> [TASK REQUIREMENTS] Print the listing below again, exactly. Skip the pictures.

> [PROVIDED ENTRIES]
- Opening Delimiter -

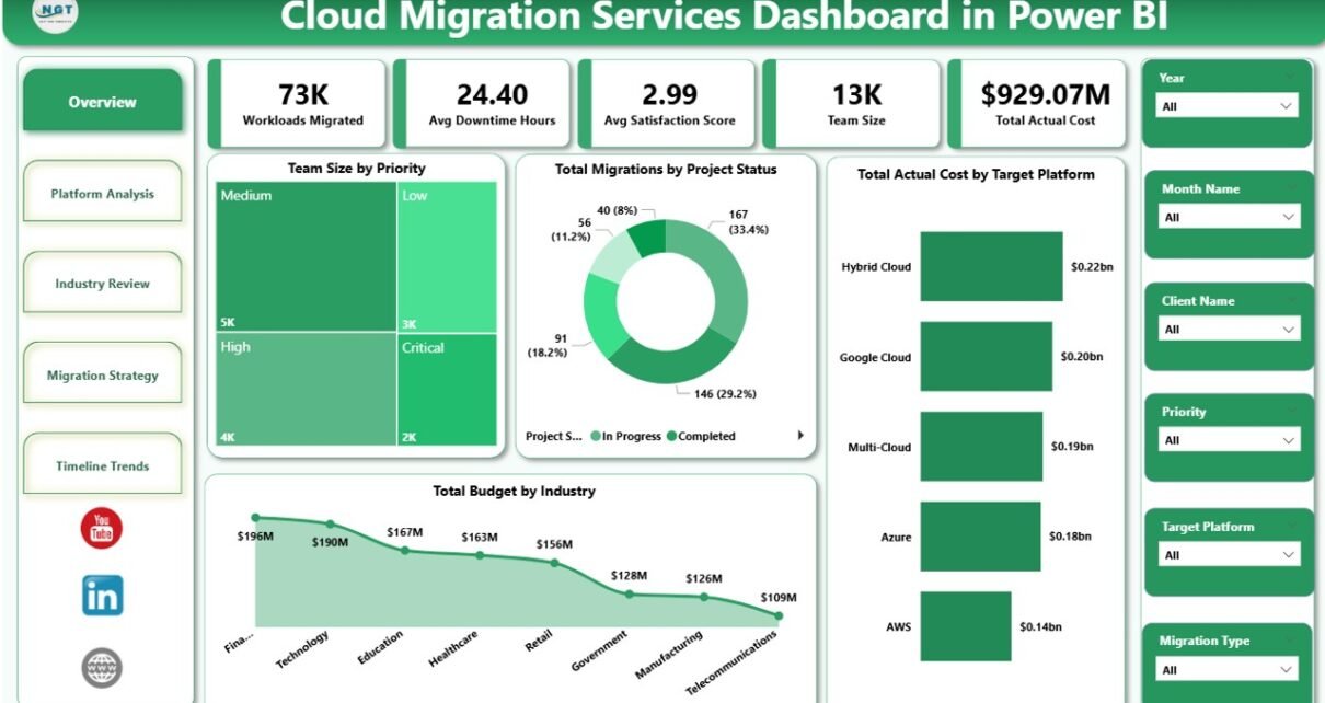 The Cloud Migration Services Dashboard in Power BI is one of the best templates for tracking cloud migration projects. It includes 5 interactive pages covering Overview, Platform Analysis, Industry Review, Migration Strategy, and Timeline Trends with 5 KPI cards tracking workloads migrated, downtime, satisfaction, team size, and actual costs.
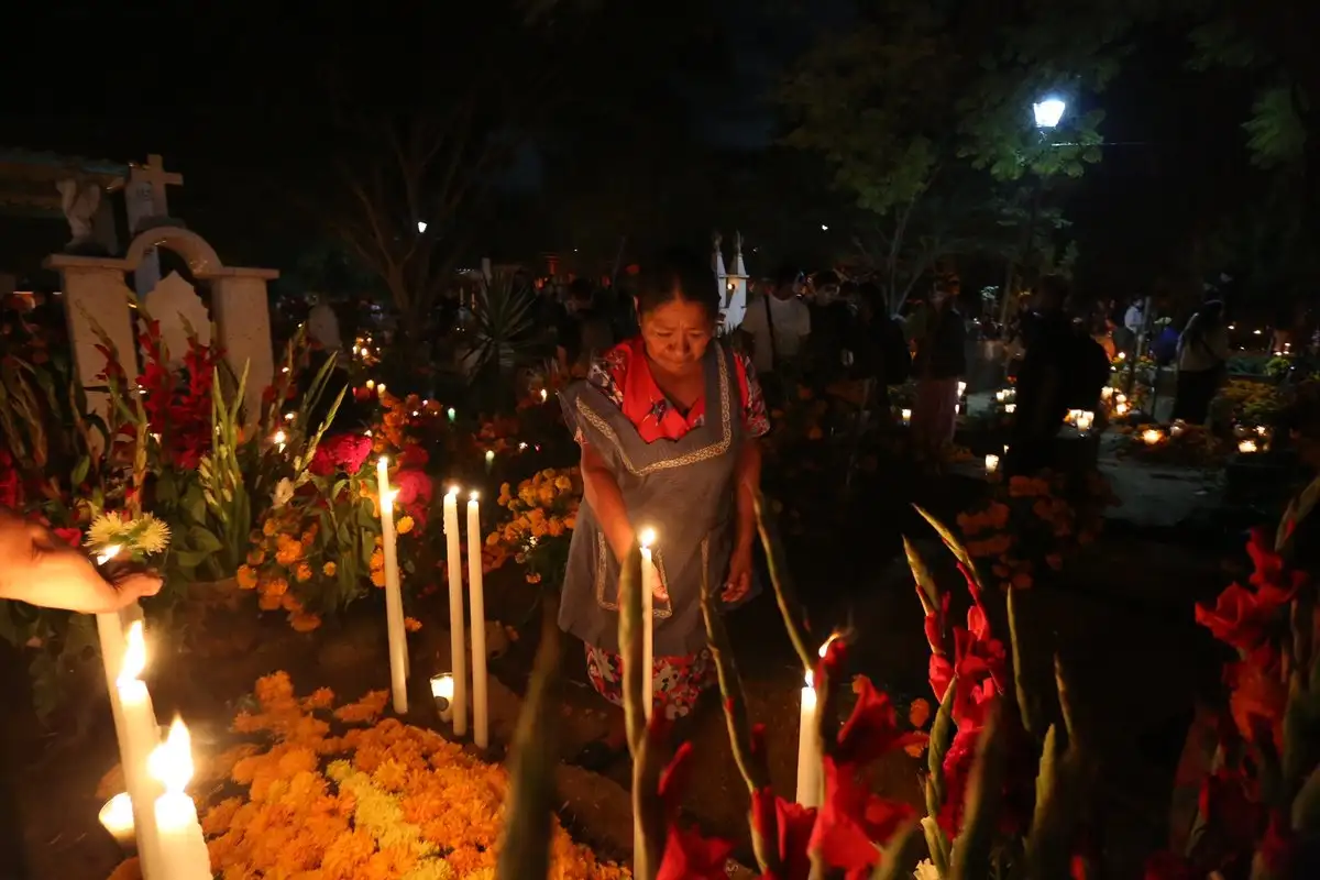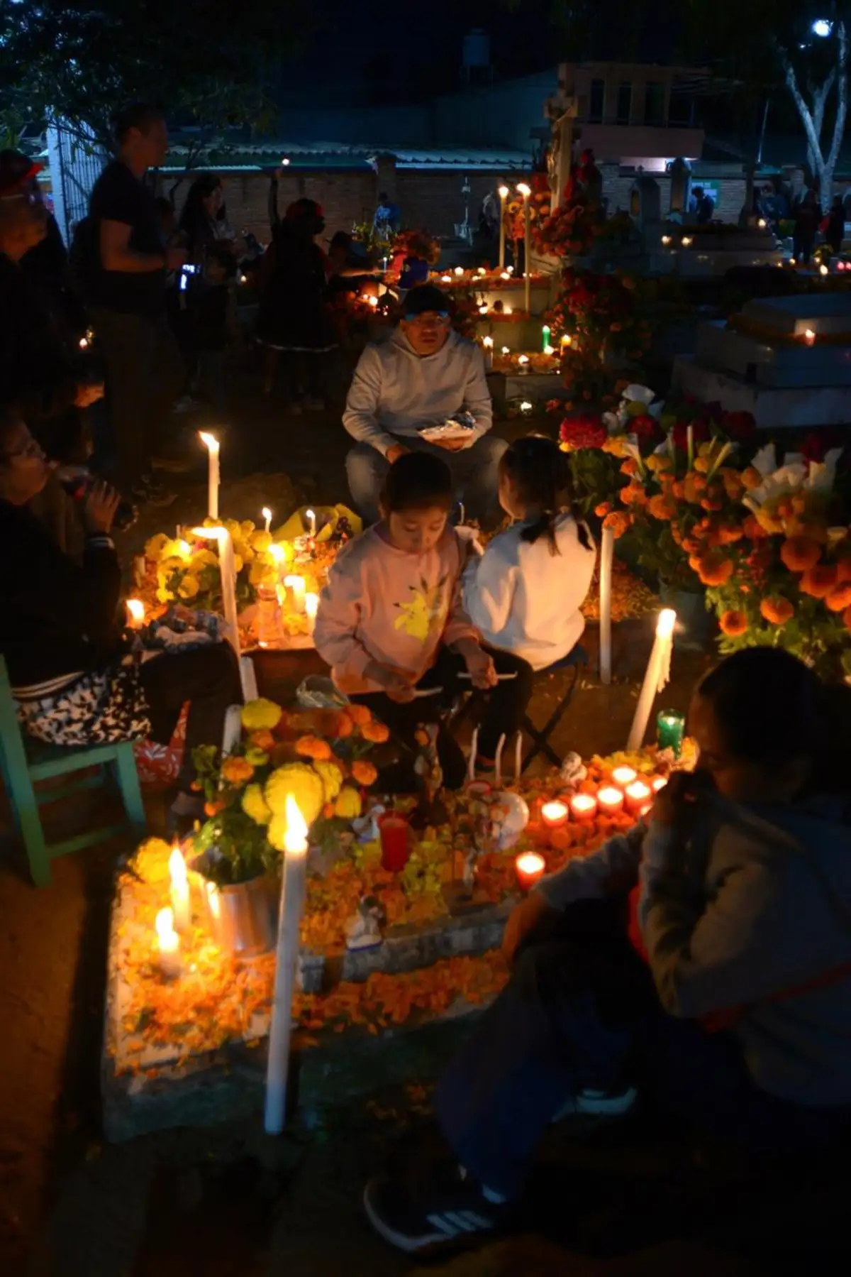 En las tumbas colocan flores de cempasúchil y velas de parafina para poder alumbrar el regreso de sus familiares al mundo de los vivos. La actividad dura toda la noche del viernes y madrugada del 1 de noviembre.
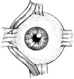 jackson为解决第ⅲ颅神经麻痹的手术方法是,折断滑车间将一小段上斜肌肌腱缝在靠近内直肌的巩膜上(图3)。
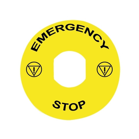 A Schneider Electric Harmony XB4 termékvonalhoz tartozó ZBY8330 kódszámú felirati tábla kiváló választás ipari környezetben használt vészleállító gombok egyértelmű megjelölésére. Ez a sárga színű, műanyagból készült, kör alakú jelölőelem 90 mm átmérőjével
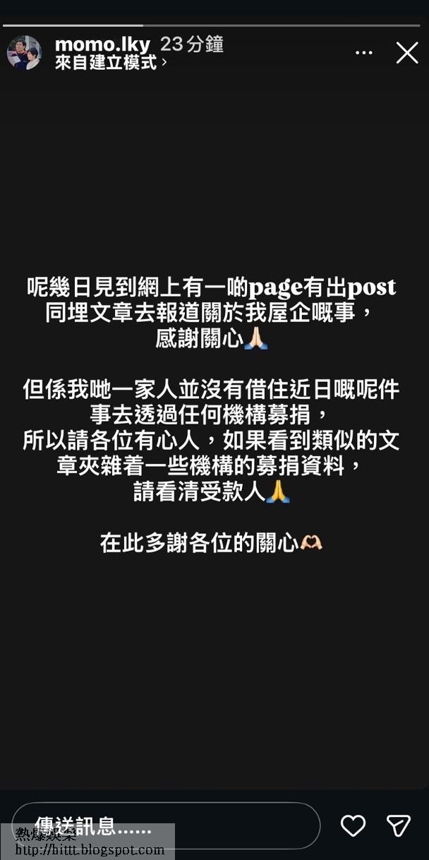 在承受喪父之痛的時刻,阿Mo繼早前於社交網將頭像轉為童年時的父子合照,以低調方式悼念父親後,今日(28日)再次於發布帖文。他感謝外界的關心:「呢幾日見到網上有一啲page有出post同埋文章去報道關於我屋企嘅事,感謝關心。」之後他隨即鄭重澄清一個重要訊息:「但係我哋一家人並沒有借住近日嘅呢件事去透過任何機構募捐。所以請各位有心人,如果看到類似的文章夾雜着一些機構的募捐資料,請看清受款人。」最後再次多謝大家關心。
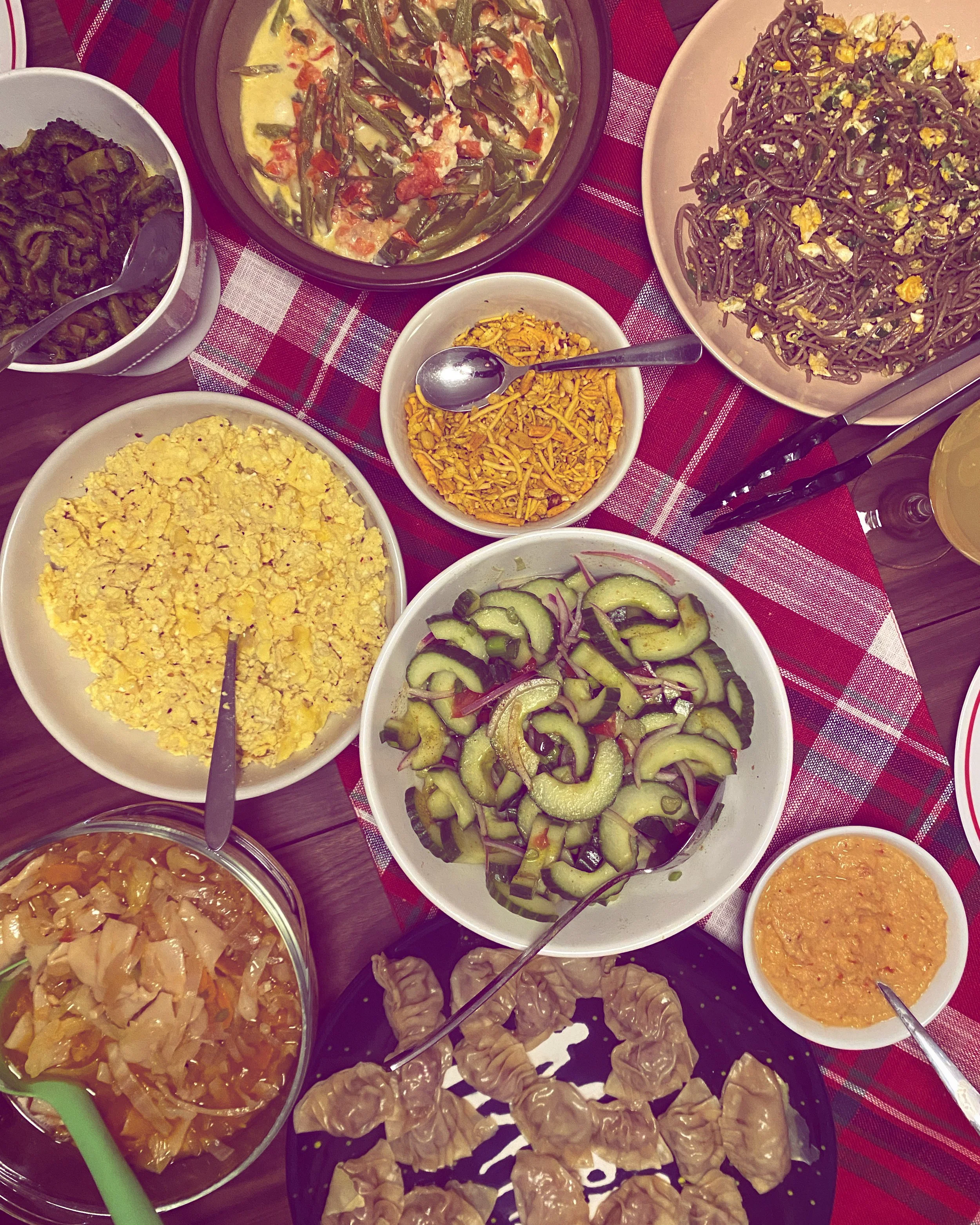 Ritee - Ema Datshi (chilies and cheese), Khatem (bitter melon), and Goen Hogay (cucumber salad)

- Closing Delimiter -

> [WRITTEN RESPONSE]
 The Cloud Migration Services Dashboard in Power BI is one of the best templates for tracking cloud migration projects. It includes 5 interactive pages covering Overview, Platform Analysis, Industry Review, Migration Strategy, and Timeline Trends with 5 KPI cards tracking workloads migrated, downtime, satisfaction, team size, and actual costs.
 En las tumbas colocan flores de cempasúchil y velas de parafina para poder alumbrar el regreso de sus familiares al mundo de los vivos. La actividad dura toda la noche del viernes y madrugada del 1 de noviembre.
 jackson为解决第ⅲ颅神经麻痹的手术方法是,折断滑车间将一小段上斜肌肌腱缝在靠近内直肌的巩膜上(图3)。
 A Schneider Electric Harmony XB4 termékvonalhoz tartozó ZBY8330 kódszámú felirati tábla kiváló választás ipari környezetben használt vészleállító gombok egyértelmű megjelölésére. Ez a sárga színű, műanyagból készült, kör alakú jelölőelem 90 mm átmérőjével
 在承受喪父之痛的時刻,阿Mo繼早前於社交網將頭像轉為童年時的父子合照,以低調方式悼念父親後,今日(28日)再次於發布帖文。他感謝外界的關心:「呢幾日見到網上有一啲page有出post同埋文章去報道關於我屋企嘅事,感謝關心。」之後他隨即鄭重澄清一個重要訊息:「但係我哋一家人並沒有借住近日嘅呢件事去透過任何機構募捐。所以請各位有心人,如果看到類似的文章夾雜着一些機構的募捐資料,請看清受款人。」最後再次多謝大家關心。
 Ritee - Ema Datshi (chilies and cheese), Khatem (bitter melon), and Goen Hogay (cucumber salad)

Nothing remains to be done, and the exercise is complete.